Posted for the record.
In June 2000 I arranged with the Oxford-based Contact International UFO Research Group to give an exclusive premier of an award-winning documentary video.
As the video had won two major awards at the hugely popular international UFO conference in Nevada I hoped that the sleepy populace of Oxfordshire might stir from their cocktails of slumber and soap operas and venture out to see a free showing of a remarkable piece of film.
Unfortunately the lack of manpower, time and media support conspired to prevent sufficient pre-publicity.
The lucky ones who did come were treated to a genuine piece of startling evidence that yes there is more to life than our programmed leaders and media would have us believe.
For those who are interested in more info on this wonderful work please go to the books section and the ACERN website
As usual a pin-head from the press arrived, shuffled around in a furtive manner and pushed off shortly after the introduction. He then felt qualified to write a slanderous piece on me and a disgusting piece of garbage about the over-worked volunteers of Contact International UFO Research Group. Virtually everything he wrote about me was wrong which wasn’t surprising as he didn’t talk with me before, during or after the meeting. Apparently he waylaid and harassed the group members over a period of days and after they had cheerfully helped as much as they could with his enquiries he set about maliciously attacking them.
If you feel like it you can read this demeaning diatribe below. The reporter???? is Mr Rep Tile -sorry Reg Little -from the Oxford Times.
I was so incensed that I wrote a letter of protest to the editor (Reproduced below). Of course I never had a reply. As they didn’t have the courtesy to print my letter I make no apology for printing their article and my letter here.
WHEN E.T. FLEW IN TO IDENTIFY FLYING OBJECTS
Oxfordshire’s UFO spotters gather to hear claims of close encounters of various kinds.
By Reg. Little
Two elegant, elderly ladies had just introduced themselves to E.T. “So I hear that you were abducted?” one enquired sweetly.
For E.T. it is the same wherever he goes, everybody wants to know exactly how he ended up with strange finger marks and red circles all over his body.
“It happened while I was in Perth,” he replied casually. “But we do not use the word abducted anymore.”
The room above the Inner Bookshop off Cowley Road, Oxford was beginning to fill up with Contact International members.
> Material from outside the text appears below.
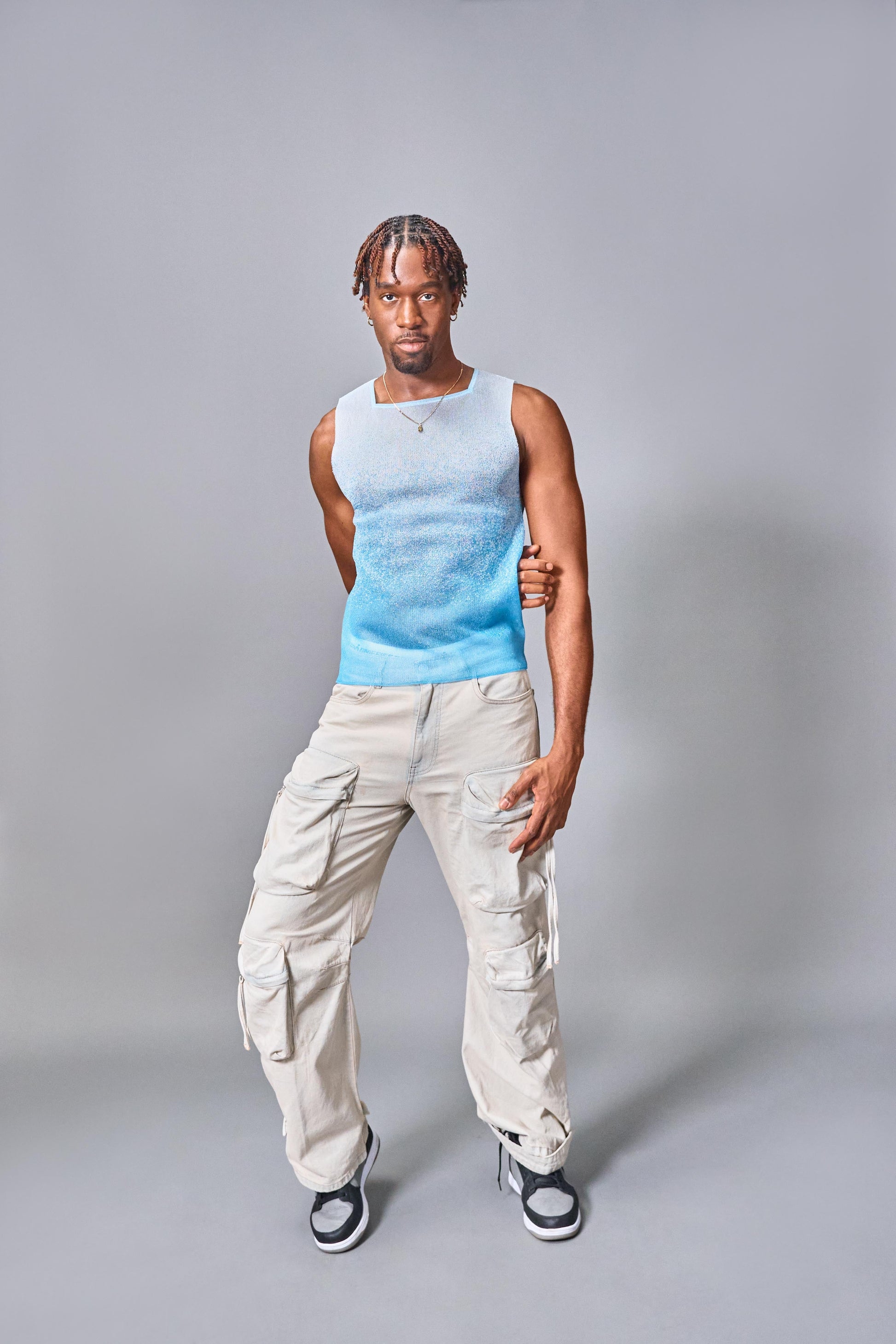 Fang developed this unique birdseye jacquard fabric just for the FANG x Sniffies Gradient Tank. This breathable, sheer, lightweight, two-tone fabric creates a pixelated light blue gradient with a finished neckline for a one-of-a-kind vest. An elegant embroidery of the brands’ logos sits below the armhole for those in the know. If you're between sizes, we recommend sizing up.

For a group that specialises in “unravelling the great UFO enigma” they all seemed surprisingly down to earth. Sitting at the back was Ms Linda Dellow, who works as a cook at Tesco, then there was Mr Carl Howard, a mechanics student at Oxford College of Further Education, who had come with his uncle. Busily moving between the rows of chairs was the group’s long-serving membership secretary, Mrs Fran Copeland, of Kennington, who works as a book-keeper for small businesses. Under her arm were bulging files and folders, but these told of sights and sounds that would be altogether alien to your average accountant.
On the floor, the treasurer, Mr Geoff Ambler, was trying to unlock the mysteries of a seriously old video machine.
Only the public relations man, Mr Michael Soper, looked refreshingly eccentric, with a bushy moustache, worthy of the man who took Oxford’s most well-known UFO photograph outside the New Marston Co-op back in 1977. The picture was even featured in the Marston Millenium exhibition.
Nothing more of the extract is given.